> Exercise goal: Please transcribe the entries below exactly and leave out every picture.
─── Data shown
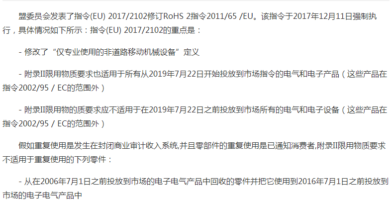 盟委員會發(fā)表了指令(EU) 2017/2102修訂RoHS 2指令2011/65 /EU。該指令于2017年12月11日強(qiáng)制執(zhí)行,具體情況如下所示:指令(EU) 2017/2102的重點(diǎn)是:
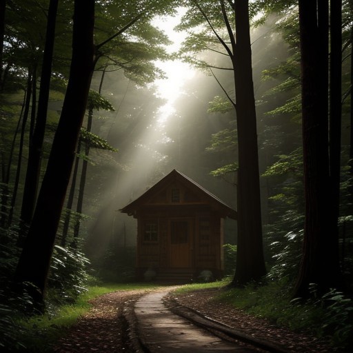 A rustic cabin nestled in the heart of a dense forest, surrounded by tall, ancient trees. The scene is set during sunset, with golden rays of sunlight filtering through the leaves, creating a warm and peaceful ambiance. A small path leads to the cabin's wooden door, and a gentle breeze rustles the leaves
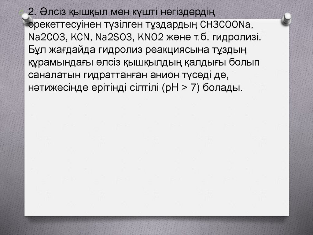 2. Күшті негізбен әлсіз қышқылдан түзілген тұздар
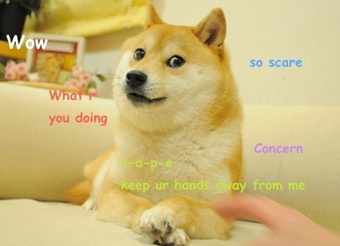 바로 위 사진이 시바견 밈의 원본 사진인데요, 이 사진은 2010년 2월 일본의 한 유치원 교사 사토 아츠코가 기르는 시바견의 사진이 2013년 하반기 미국 인터넷에서 유행하게 되었습니다. 유행하게 된 이유는 시바견의 표정에 있는데요, 약간 새침한 듯 하면서도 똘망똘망한, 개치고는 특이한 표정 때문이죠. 여기서 누군가가 doge라는 말을 붙여서 이 개의 사진을 공유하기 시작했고, 결과적으로 이 개는 doge라는 별명을 얻게 되었죠. 우리나라에서도 멍멍이를 멍뭉이라고 표현해도 다 알아듣는 것 마냥 비슷한 이치라고 생각하시면 됩니다.
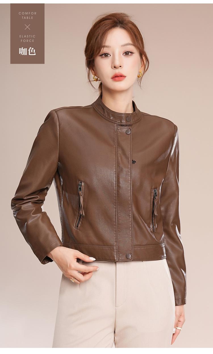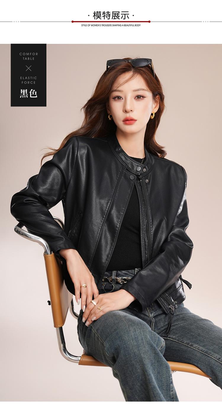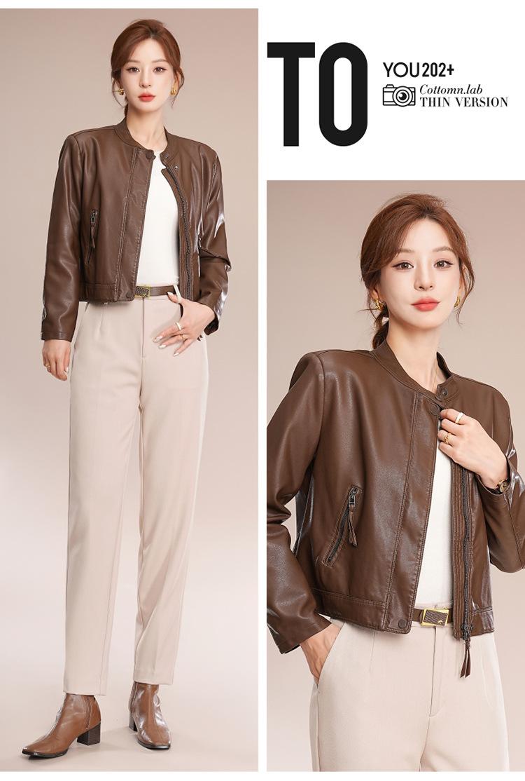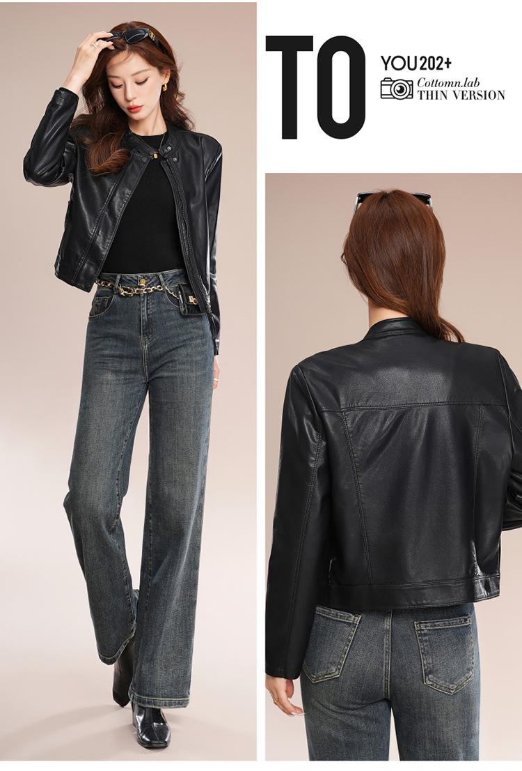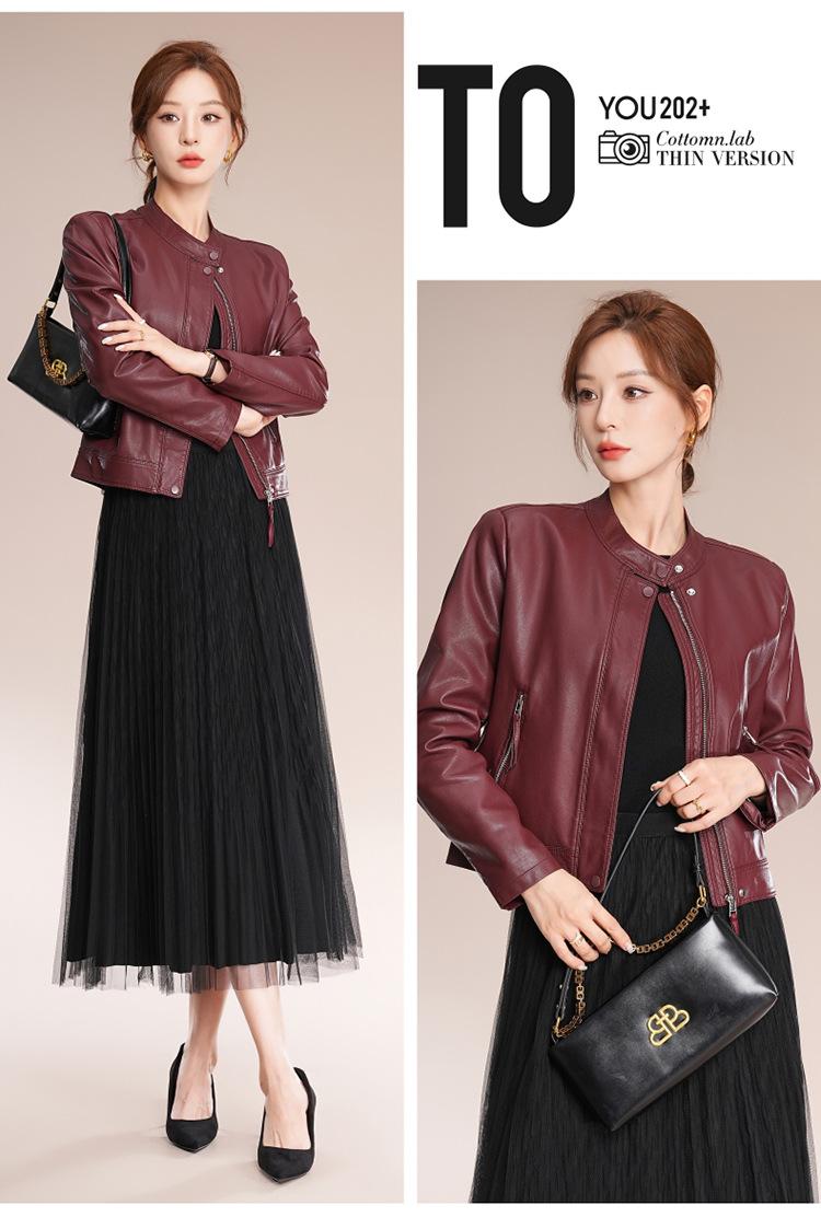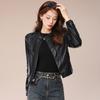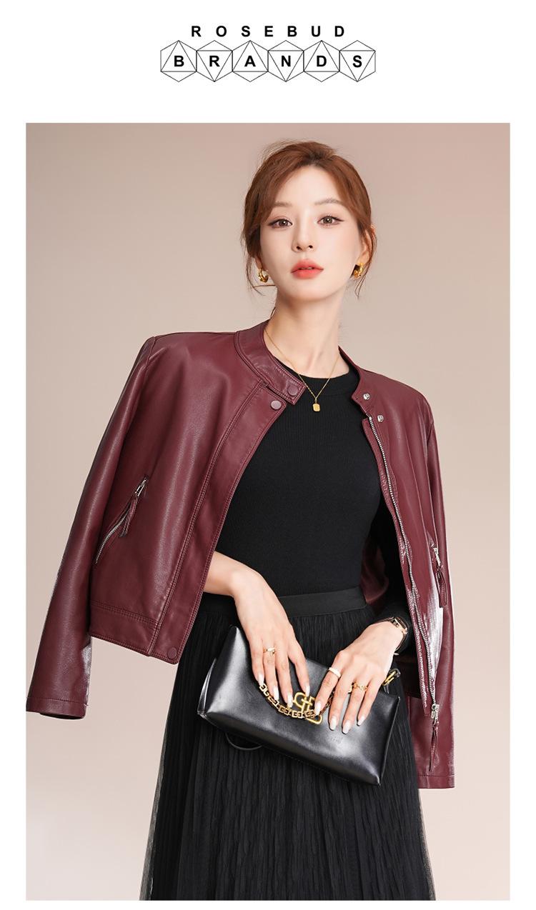 Chaqueta corta de piel de oveja para mujer, de diseño Haining 2025, de corte entallado, elegante y a la moda con cuello.
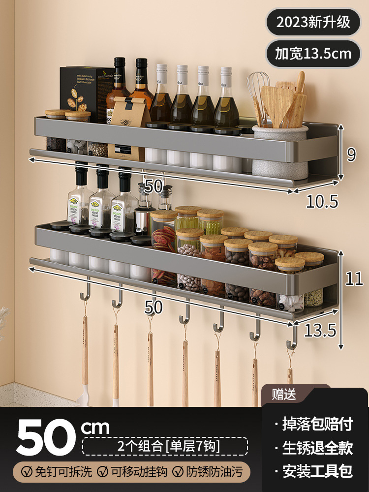 • [회색, 테이블 확장 및 농축] 7 개의 후크가있는 향신료 랙 50cm
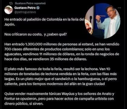 Vender 10 millones de toneladas de lechona sería un verdadero Guinness Récord que requeriría Planeación y logística nunca antes vistas. Sin embargo, según el presidente Gustavo Petro, esa es la cifra que se ha consumido en la exposición de Osaka en Japón y que explica la enorme inversión en el pabellón de Colombia de 8 millones de dólares.
──────
> Exercise answer:
 盟委員會發(fā)表了指令(EU) 2017/2102修訂RoHS 2指令2011/65 /EU。該指令于2017年12月11日強(qiáng)制執(zhí)行,具體情況如下所示:指令(EU) 2017/2102的重點(diǎn)是:
 A rustic cabin nestled in the heart of a dense forest, surrounded by tall, ancient trees. The scene is set during sunset, with golden rays of sunlight filtering through the leaves, creating a warm and peaceful ambiance. A small path leads to the cabin's wooden door, and a gentle breeze rustles the leaves
 2. Күшті негізбен әлсіз қышқылдан түзілген тұздар
 바로 위 사진이 시바견 밈의 원본 사진인데요, 이 사진은 2010년 2월 일본의 한 유치원 교사 사토 아츠코가 기르는 시바견의 사진이 2013년 하반기 미국 인터넷에서 유행하게 되었습니다. 유행하게 된 이유는 시바견의 표정에 있는데요, 약간 새침한 듯 하면서도 똘망똘망한, 개치고는 특이한 표정 때문이죠. 여기서 누군가가 doge라는 말을 붙여서 이 개의 사진을 공유하기 시작했고, 결과적으로 이 개는 doge라는 별명을 얻게 되었죠. 우리나라에서도 멍멍이를 멍뭉이라고 표현해도 다 알아듣는 것 마냥 비슷한 이치라고 생각하시면 됩니다.
 Chaqueta corta de piel de oveja para mujer, de diseño Haining 2025, de corte entallado, elegante y a la moda con cuello.
 • [회색, 테이블 확장 및 농축] 7 개의 후크가있는 향신료 랙 50cm
 Vender 10 millones de toneladas de lechona sería un verdadero Guinness Récord que requeriría Planeación y logística nunca antes vistas. Sin embargo, según el presidente Gustavo Petro, esa es la cifra que se ha consumido en la exposición de Osaka en Japón y que explica la enorme inversión en el pabellón de Colombia de 8 millones de dólares.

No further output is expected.